- Directed by: Nitesh Rai
- Screenplay by: Mohana Prasad
- Story by: Shivanand Sinha
- Dialogue by: Shivanand Sinha
- Produced by: Prabir Sinha
- Starring: Aman Preet Singh^{[citation needed]}; Shobita Rana; Sandeep Bhojak; Govind Namdev; Rajesh Sharma (actor); Salman Shaikh;
- Cinematography: K.M. Sujith
- Edited by: Nitesh Rai
- Music by: Asif Chandwani
- Production company: Li Helios Films
- Release date: 4 November 2022;
- Country: India
- Language: Hindi

= Ramrajya (2022 film) =

Ramrajya is a Hindi political drama film produced under the banner of Li Helios films. Actress Rakul Preet Singh's brother, Aman Preet, made his Bollywood debut with this movie. Punjabi actress Shobita Rana also doing her debut with Ramrajya. The renowned actor Govind Namdev can be seen as playing Aman's Guru. The songs are sung by famous singer Kailash Kher, Raja Hasan and Gul Saxena (famous RadhaKrishn serial fame).

==Production==
Produced by Prabir Sinha, directed and edited by Nitesh Rai, story by Shivanad Sinha and screenplay and dialogue by Mohana Prasad.

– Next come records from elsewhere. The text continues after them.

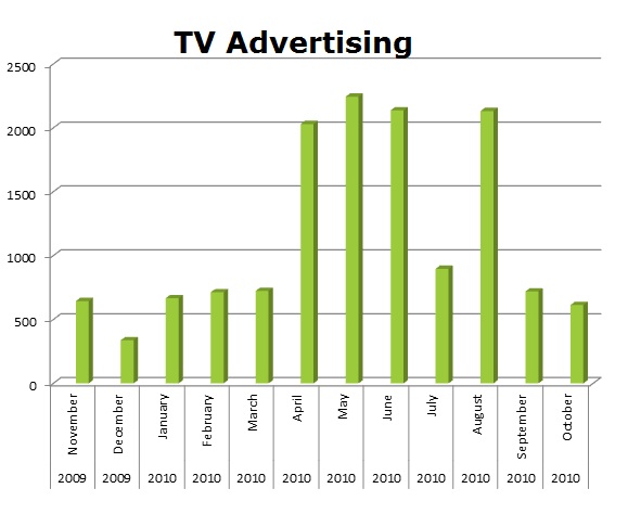 In the last 12 months Shell has run 126,908 spots. BP ran 66,953 spots during the same time, which included the advertising that they did after the oil spill in the Gulf of Mexico. BP ran most of these commercials in July (10,959), August (20,849) and September (12,169), dropping back to levels of 1,000 ads after they capped the well. To put this in perspective, Shell’s biggest months were in January (23,017), Februrary (20,810) and March (23,517).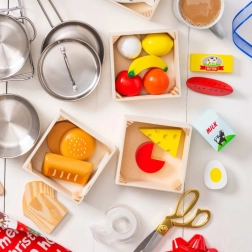 L'ensemble permet aux enfants de développer leur créativité et imagination en jouant avec des articles alimentaires réalistes.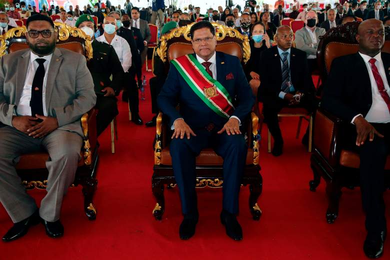 GettyRonnie Brunswijk (der.) con el presidente de Guyana Irfaan Ali, y el presidente de Surinam Chan Santokhi (medio)

The film has been shot in Mumbai, Varanasi, Bokaro and Ranchi.

==Synopsis==
Ramrajya is a political drama that revolves around enhancing and modifying the social obstacles. The fil work towards eliminating the corruption, communal violence, health, education etc. It describes the ideal state of the society where people live together in peace and harmony without the fear and aggression while following their own religion, beliefs and philosophy.

==Cast==
- Aman Preet Singh as Lucky
- Shobhita Rana as Sapna
- Sandeep Bhojak as Nirbhaya
- Salman Shaikh as Abrar
- Rajesh Sharma as M P Shukla
- Govind Namdeo as Lucky's Guruji
- Manoj Bakshi as Cercle officer
- Mukhtar Dekhani as MP Shukla's brother
- Mushtaq Khan as MP Shukla's PA
- Meena Pulli as Lucky's mother
- Chandrashekhar as Lucky's father
- Shashwat Pratik as Lucky (18 years old)
- Baby Rash Rai as Lucky (3 years)

== Reception ==
FilmInformation was critical of the film and wrote "On the whole, Ramrajya will go unnoticed" while The Times of India wrote that the film was "not worth a cinema ticket".